[EXTRACTED INFORMATION Boundary: Start]
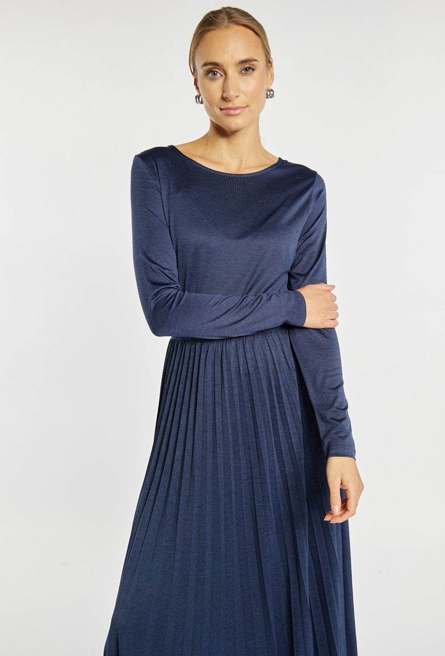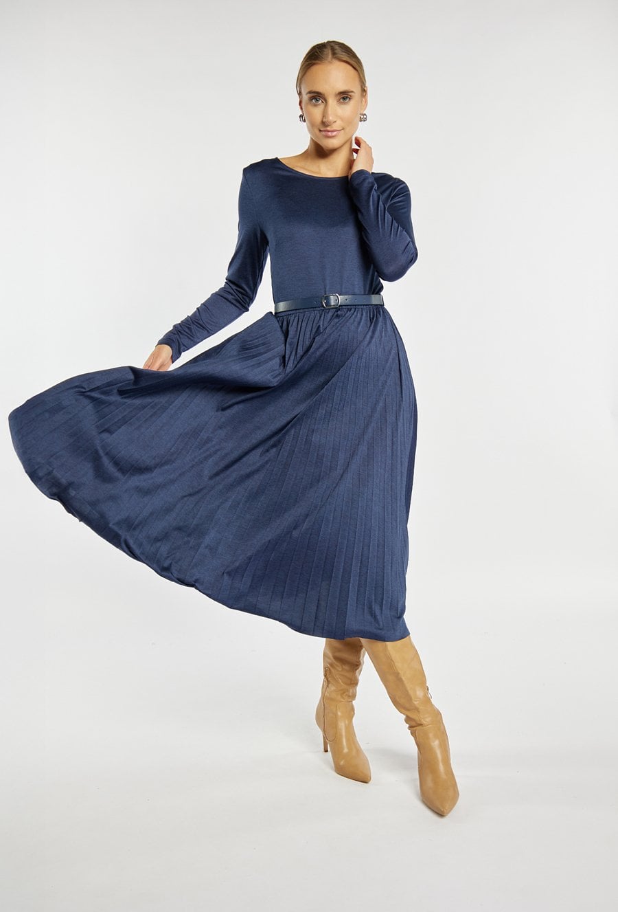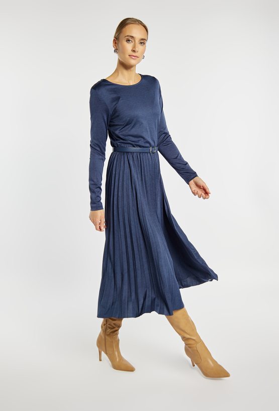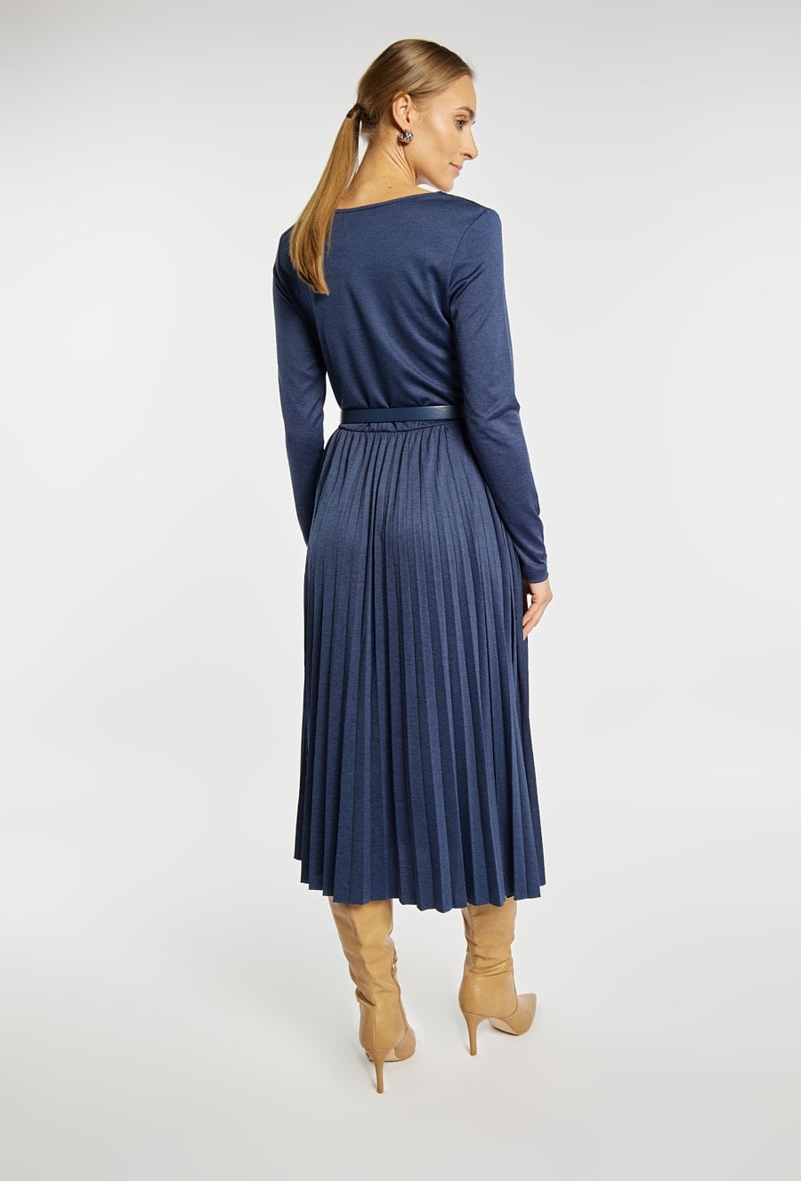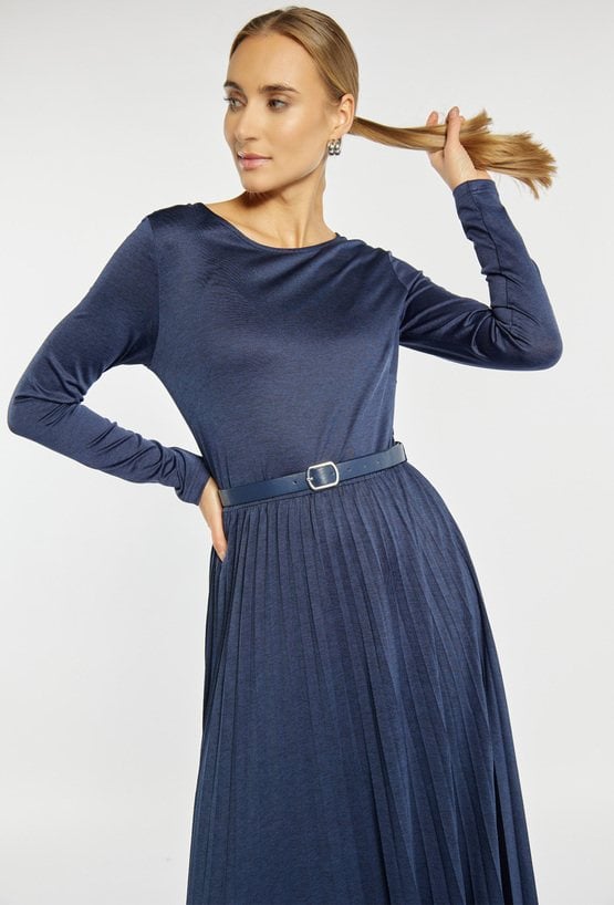 Sukienka o kobiecym, lekko rozkloszowanym kroju. Góra gładka z długim rękawem, dół w efektowne, drobne plisowanie, które tworzy elegancką linię i pięknie pracuje w ruchu. W talii pasek podkreślający sylwetkę. Idealna na codzienne wyjścia i bardziej eleganckie okazje. Modelka na zdjęciu ma 177 cm wzrostu i prezentuje rozmiar S.
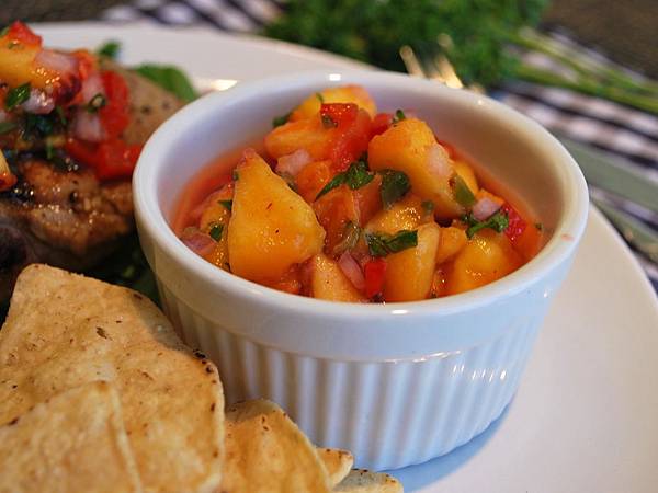 甜美的水蜜桃不只能當水果吃、烘焙甜食糕點,還能調和鹹味入菜,今天要介紹的就是美國版混搭墨西哥菜式的水蜜桃莎莎醬,利用水蜜桃的甜度與香氣,與甜紅椒、紅洋蔥、墨西哥辣椒一同浸漬融合,搭配炙燒豬排誘人的碳烤香氣,提供去油解膩又刺激味蕾的功效。
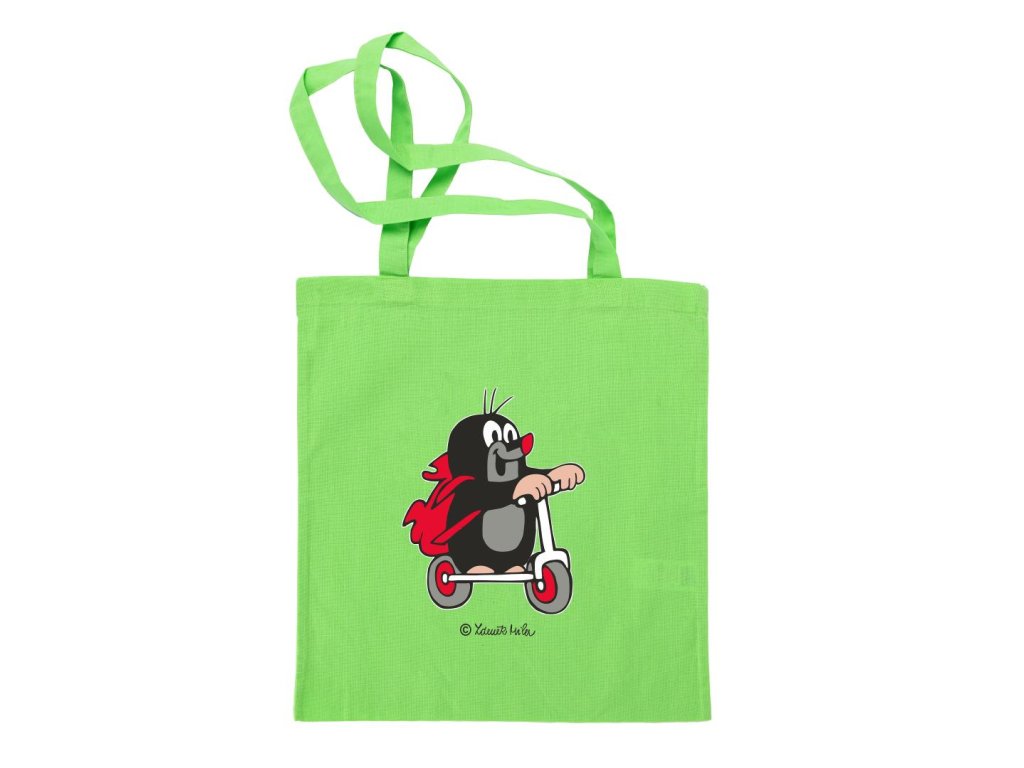 Detská zelená plátenná taška Krtko kolobežka 42x38 cm
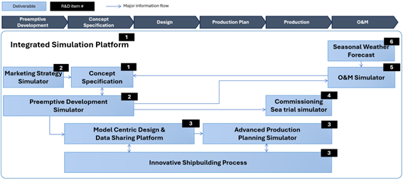Based on the components of the Integrated Simulation Platform, research and development will be promoted across six R&D items. In 2028, an interim evaluation including a stage-gate assessments will be conducted, and by 2030, the deliverables from each R&D topic will be integrated into the Integrated Simulation Platform (see diagram below), aiming for its demonstration in the design and construction of actual ships.
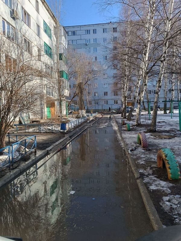 Спасатели работали сегодня во дворе дома № 32 по проспекту 50 лет Октября в Сызрани. Помощь решительных людей и спецтехники потребовалась жильцам дома, который ежегодно «плавает» в озере талой воды. Дом №32 по проспекту 50 лет Октября - на особом контроле властей Сызрани; речь о контроле за подтопляемостью дома, в частности, шла на недавнем заседании противопаводковой комиссии Сызрани. Когда в советские годы застраивали Монгору, было допущено несколько крупных технологических просчетов. Один из них - отсутствие ливневой канализации у ряда домов. Где-то сетевые ливневки пытались заменить колодцами-отстойниками, которые с годами перестали обслуживать - как у дома №7 по проспекту Королева, два подъезда которого также «плавают» после каждого дождя; а где-то, как у дома №32, была проложена тупиковая ветка канализации. Как сообщал в 2022 году портал «маленькая Сызрань», обслуживавшая дом управляющая компания предприняла серьезные попытки прочистить ливневку. Рабочие бились с системой почти в
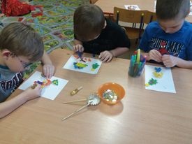 Przedszkolaki również wykonały ozdoby choinkowe. Malowały i dekorowały aniołki z masy solnej, które wspólnie z rodziną wykonała pani M. Chrzan.
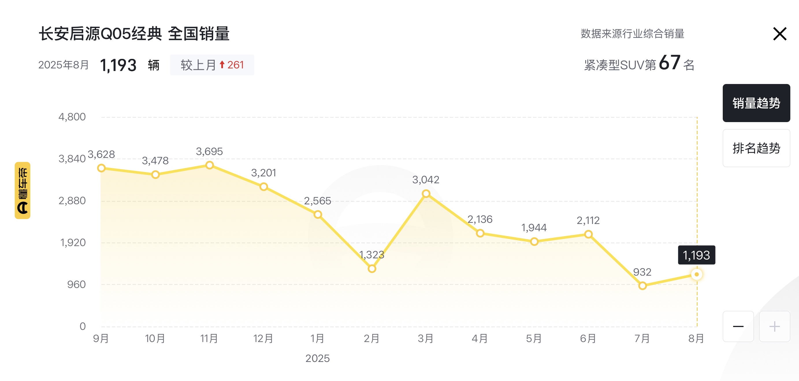 长安启源全新Q05同级车型包括比亚迪元UP(指导价7.48万元起)、宝骏悦也Plus(指导价7.68万元起)、五菱缤果PLUS(指导价7.58万元起)等。根据懂车帝销量数据显示,今年8月,长安启源Q05经典车型销量为1193辆。
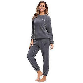 Warm Pajamas Fleece Top Trousers Round Neck Soft Pajamas Set
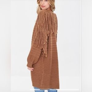 Forever 21 ribbed knit cardigan sweater featuring an open front, dropped shoulders, long peasant sleeves, tassel trim, and a slouchy relaxed silhouette.
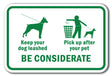 Keep Your Dog Leashed, Pick Up After Your Pet. Be Considerate.
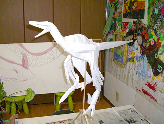 「立体紙アート」 大好きな恐竜とはいえ・・設計図もなにもなく、ただの画用紙だけで造っていきました。びっくり!!見事です。
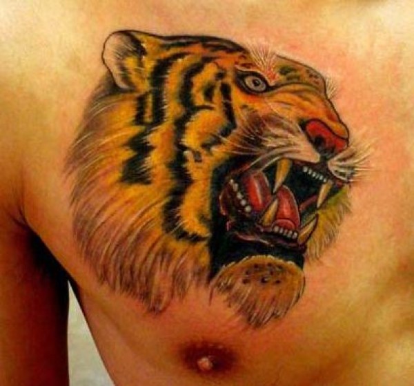 胸部霸气好看的虎头纹身图案
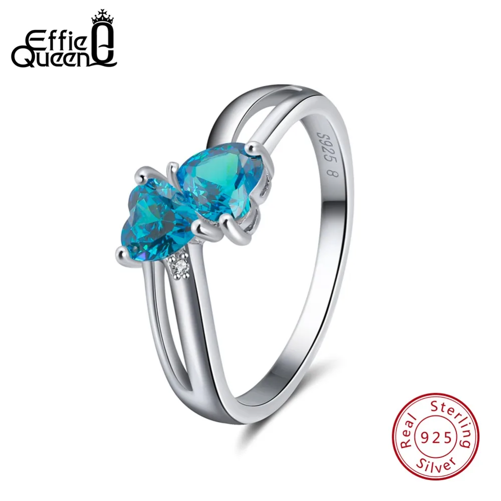 Эффи queen натуральная 925 пробы Серебряные кольца для Женский Двойное сердце синий AAA Циркон Свадебные Для женщин Jewelry вечерние подарок BR58-L
[EXTRACTED INFORMATION Boundary: End]
=== TASK BRIEF ===
Copy the listing word for word, excluding its pictures.

=== RESPONSE ===
 Sukienka o kobiecym, lekko rozkloszowanym kroju. Góra gładka z długim rękawem, dół w efektowne, drobne plisowanie, które tworzy elegancką linię i pięknie pracuje w ruchu. W talii pasek podkreślający sylwetkę. Idealna na codzienne wyjścia i bardziej eleganckie okazje. Modelka na zdjęciu ma 177 cm wzrostu i prezentuje rozmiar S.
 甜美的水蜜桃不只能當水果吃、烘焙甜食糕點,還能調和鹹味入菜,今天要介紹的就是美國版混搭墨西哥菜式的水蜜桃莎莎醬,利用水蜜桃的甜度與香氣,與甜紅椒、紅洋蔥、墨西哥辣椒一同浸漬融合,搭配炙燒豬排誘人的碳烤香氣,提供去油解膩又刺激味蕾的功效。
 Detská zelená plátenná taška Krtko kolobežka 42x38 cm
Based on the components of the Integrated Simulation Platform, research and development will be promoted across six R&D items. In 2028, an interim evaluation including a stage-gate assessments will be conducted, and by 2030, the deliverables from each R&D topic will be integrated into the Integrated Simulation Platform (see diagram below), aiming for its demonstration in the design and construction of actual ships.
 Спасатели работали сегодня во дворе дома № 32 по проспекту 50 лет Октября в Сызрани. Помощь решительных людей и спецтехники потребовалась жильцам дома, который ежегодно «плавает» в озере талой воды. Дом №32 по проспекту 50 лет Октября - на особом контроле властей Сызрани; речь о контроле за подтопляемостью дома, в частности, шла на недавнем заседании противопаводковой комиссии Сызрани. Когда в советские годы застраивали Монгору, было допущено несколько крупных технологических просчетов. Один из них - отсутствие ливневой канализации у ряда домов. Где-то сетевые ливневки пытались заменить колодцами-отстойниками, которые с годами перестали обслуживать - как у дома №7 по проспекту Королева, два подъезда которого также «плавают» после каждого дождя; а где-то, как у дома №32, была проложена тупиковая ветка канализации. Как сообщал в 2022 году портал «маленькая Сызрань», обслуживавшая дом управляющая компания предприняла серьезные попытки прочистить ливневку. Рабочие бились с системой почти в
 Przedszkolaki również wykonały ozdoby choinkowe. Malowały i dekorowały aniołki z masy solnej, które wspólnie z rodziną wykonała pani M. Chrzan.
 长安启源全新Q05同级车型包括比亚迪元UP(指导价7.48万元起)、宝骏悦也Plus(指导价7.68万元起)、五菱缤果PLUS(指导价7.58万元起)等。根据懂车帝销量数据显示,今年8月,长安启源Q05经典车型销量为1193辆。
 Warm Pajamas Fleece Top Trousers Round Neck Soft Pajamas Set
 Forever 21 ribbed knit cardigan sweater featuring an open front, dropped shoulders, long peasant sleeves, tassel trim, and a slouchy relaxed silhouette.
 Keep Your Dog Leashed, Pick Up After Your Pet. Be Considerate.
 「立体紙アート」 大好きな恐竜とはいえ・・設計図もなにもなく、ただの画用紙だけで造っていきました。びっくり!!見事です。
 胸部霸气好看的虎头纹身图案
 Эффи queen натуральная 925 пробы Серебряные кольца для Женский Двойное сердце синий AAA Циркон Свадебные Для женщин Jewelry вечерние подарок BR58-L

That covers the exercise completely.